I’m not familiar with these specific kernel parameters, but in my experience you need to turn on debugging options while compiling the kernel and that’s not a road you want to go down.
(I only ever did this once because I was still on Ubuntu and they’re not as good as Manjaro in providing newer kernels so I kind of had to if I wanted to use the AC portion of my WiFi as I bought a new router)
Release candidate 2 for the 5.9 kernel has been released, so you could try that, but that’s beta software and for something that’s happening every couple of weeks I wouldn’t go down that road…
I’m re-iterating what I said before:
If it happens, look at which piece of software that you run only intermittently is causing this (Keeping a game open would qualify)

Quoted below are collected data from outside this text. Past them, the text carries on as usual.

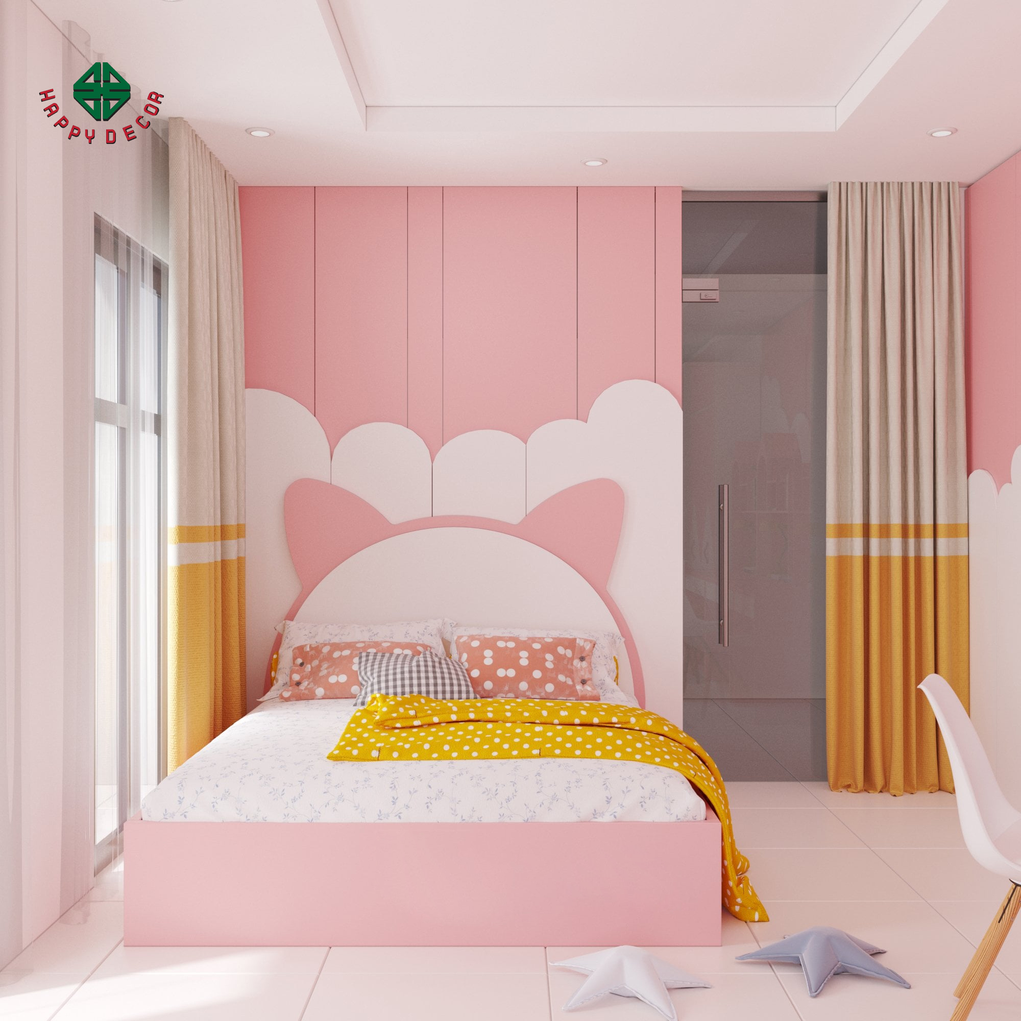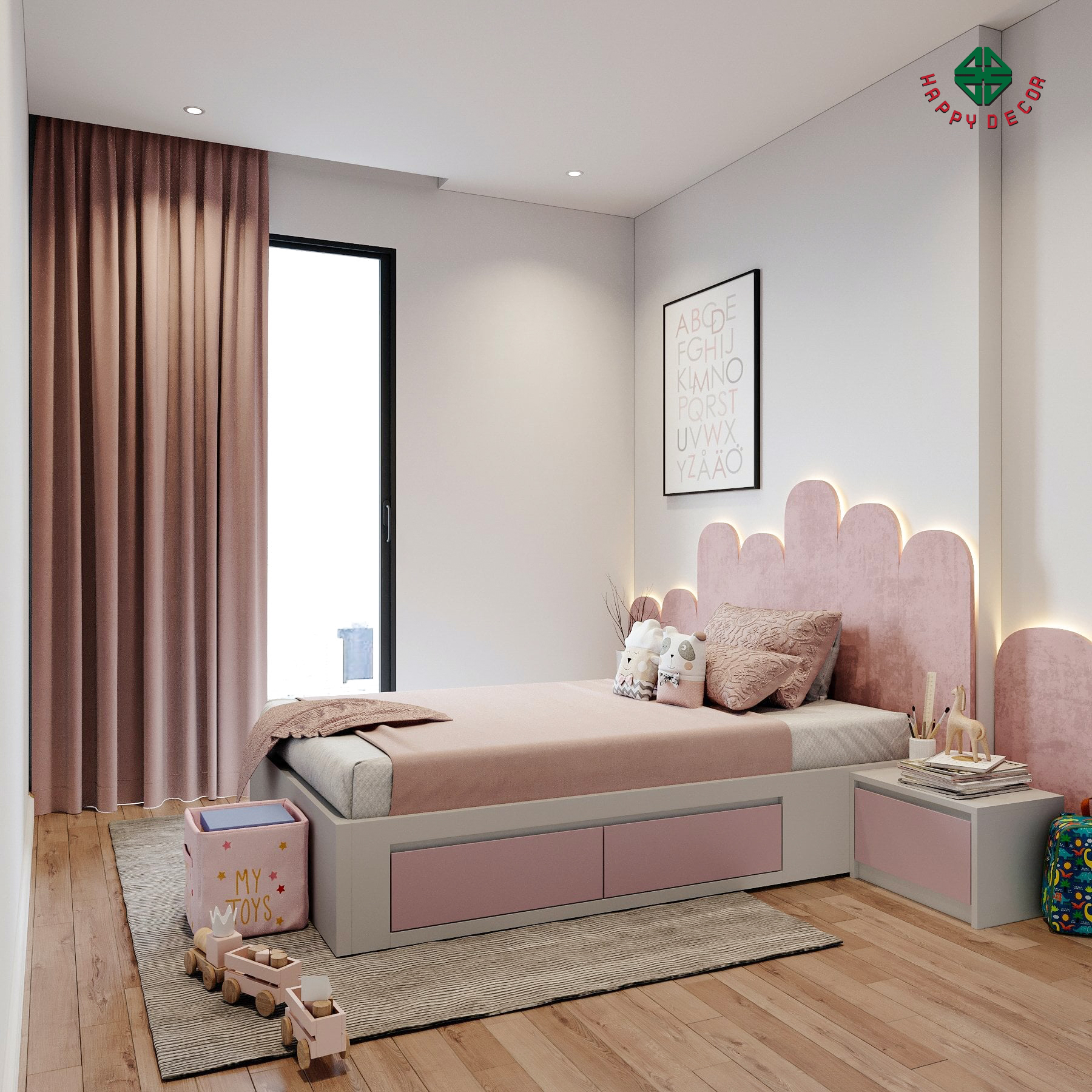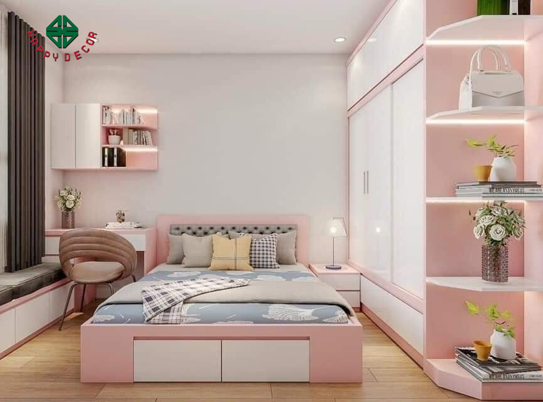 Giường ngủ kết hợp với tủ đầu giường màu hồng
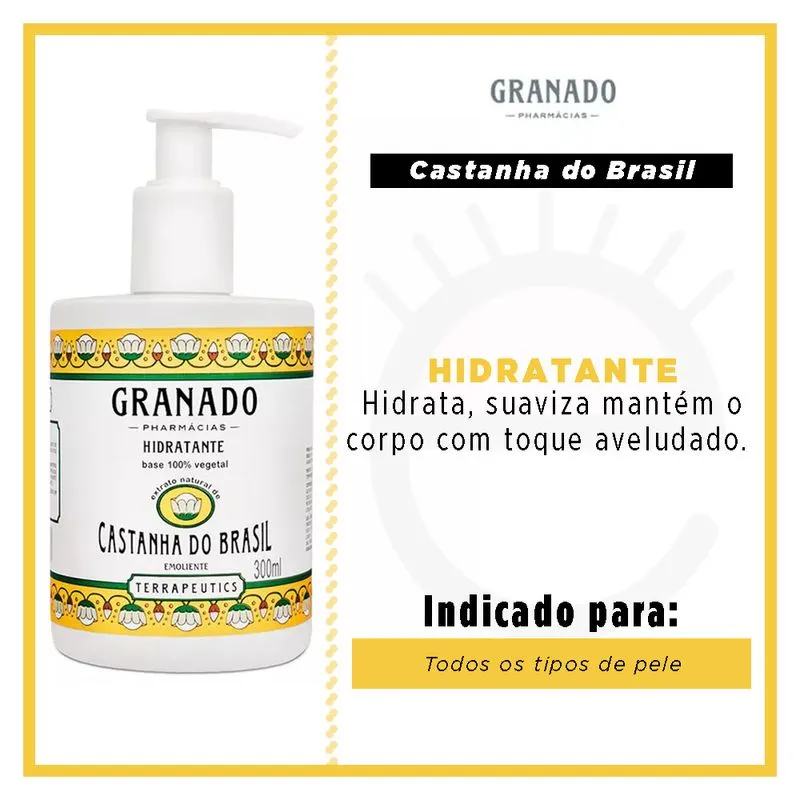 O Hidratante Terrapeutics Castanha do Brasilhidrata e previne o ressecamento da pele. Sua fórmula retém a umidade da pele, deixando-a macia, suave e perfumada. Produzido com base vegetal e alta concentração de extrato natural de chá branco, que tem ação revigorante. Fórmula fluida e de rápida absorção (não possui aspecto gorduroso). Indicado para todos os tipos de pele. Livre de parabenos e corantes. A Linha: Terrapeutics é um ritual diário de bem-estar! Produtos para o corpo, banho e a casa, enriquecidos com ingredientes naturais e extratos vegetais de flores e ervas usadas em terapias milenares de várias regiões da Terra. Modo de Usar:Aplique o hidratante diariamente por todo o corpo, massageando com movimentos suaves.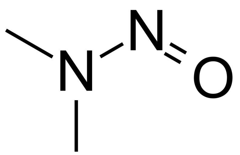 Keywords: NDMA.svg Chemical structure of NDMA N-nitrosodimethylamine Own 13 54 11 October 2012 UTC Ed Edgar181 200px Nitrosamines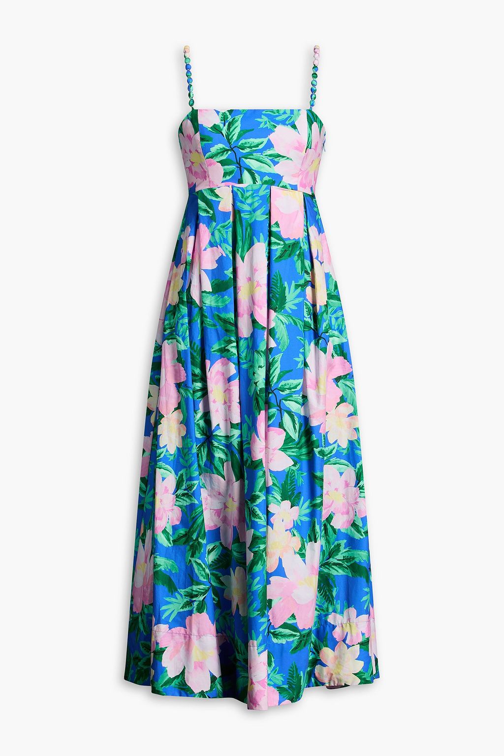 FARM RIO Pleated floral-print cotton-poplin midi dress

rtcwake is a tool that can be used to enter a system sleep state (suspend/hibernate) until a specified wakeup time. And you can easily use it to perform suspend/hibernate stress tests. For example, you can use this simple script to run 1000 STR cycles easily
for i in $(seq 1000); do
rtcwake –m mem –s 30
done
But when i create a shell script and run it it refuses to see the -s argument and throws an error:-
❰greg❙~/git/pm-graph(git≠master)❱✔≻ sudo ./rtcwake.sh
rtcwake: must provide wake time (see --seconds, --time and --date options)
rtcwake: must provide wake time (see --seconds, --time and --date options)
rtcwake: must provide wake time (see --seconds, --time and --date options)
❰greg❙~/git/pm-graph(git≠master)❱✘≻ cat rtcwake.sh
#!/bin/bash
for i in $(seq 3); do
rtcwake –m mem –s 30
done
❰greg❙~/git/pm-graph(git≠master)❱✔≻
but I can run sudo rtcwake –m mem –s 30 just fine in the terminal?
You are a master :), yes it was exactly as you say. It looked exactly the same as a “-” but obviously was not. I never even knew such was possible and if it is/was why would instruction sites with “code sections” that are meant to be copy pasted even use them???! Are they trying to give people brain damage ^^
Right, onwards towards the next confusing headache but onwards nonetheless.
Would you mind posting the solution and then pressing the Solution button so that the next person that has the exact same problem you just had will benefit from your post as well as your question will now be in the “solved” status.
I did push “solution” on the other thread where i asked how to pass kernel options. However, this thread is asking how to get to the bottom of my suspend/sleep bug which i have not managed to do yet, im getting there very slowly, but not there just yet.